Gastrointestinal perforation

Gastrointestinal perforation
Classification and external resources

Free air under the right hemidiaphragm from a bowel perforated.
ICD-10 K63.1, S36.9
ICD-9 569.83, 863.9
DiseasesDB 34042
MedlinePlus 000235
eMedicine med/2822

Gastrointestinal perforation is a complete penetration of the wall of the stomach, small intestine or large bowel, resulting in intestinal contents flowing into the abdominal cavity. Perforation of the intestines results in the potential for bacterial contamination of the abdominal cavity (a condition known as peritonitis). Perforation of the stomach can lead to a chemical peritonitis due to leaked gastric acid. Perforation anywhere along the gastrointestinal tract is a surgical emergency.

Contents

Signs and symptoms

Sudden attack of pain in epigastrium to the right of midline in case of perforation of duodenal ulcer. In case of gastric ulcer the pain is in epigastrium. There is history of burning pain in epigastrium, flatulence and dyspepsia. History of drug intake without sufficient food intake may be present. In case of intestinal perforation pain starts from the site of perforation, visceral, and then spreads all over the abdomen. In any case there is board like rigidity of abdomen, tenderness, and rebound tenderness. After sometimes the abdomen becomes silent, heart sounds can be heard all over. Patient stops passing flatus and motion, abdomen is distended.
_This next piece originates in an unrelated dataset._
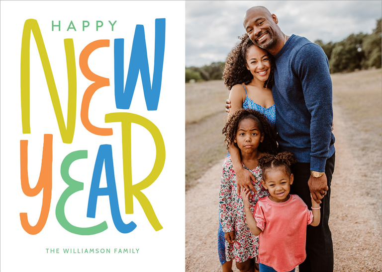 Add your photos and personalized details to make a Happy New Year's Card that’s truly your own with easy-to-use design tools.

Gastrointestinal perforation results in severe abdominal pain intensified by movement, nausea and vomiting. Later symptoms include fever and or chills.

Causes

Underlying causes include gastric ulcer, appendicitis, gastrointestinal cancer, diverticulitis, superior mesenteric artery syndrome, trauma and ascariasis. Typhoid fever, NSAID drugs,ingestion of corrosives may also be responsible.

Diagnosis

On X-rays, free gas may be visible in the abdominal cavity. The perforation can often be visualised using CT. White blood cells are often elevated. Also, the symptom of wooden belly is visible, i.e. abdominal wall rigidity.

Treatment

Treatment depends on the underlying cause. Surgical intervention is nearly always required in form of exploratory laparotomy and closure of perforation with peritoneal wash (Sometimes medical evacuation). Conservative treatment is indicated in case patient is nontoxic and clinically stable, these patients are to be treated with IV fluids, antibiotics, nasogastric aspiration and bowel rest. Consultation with a specialist is often needed.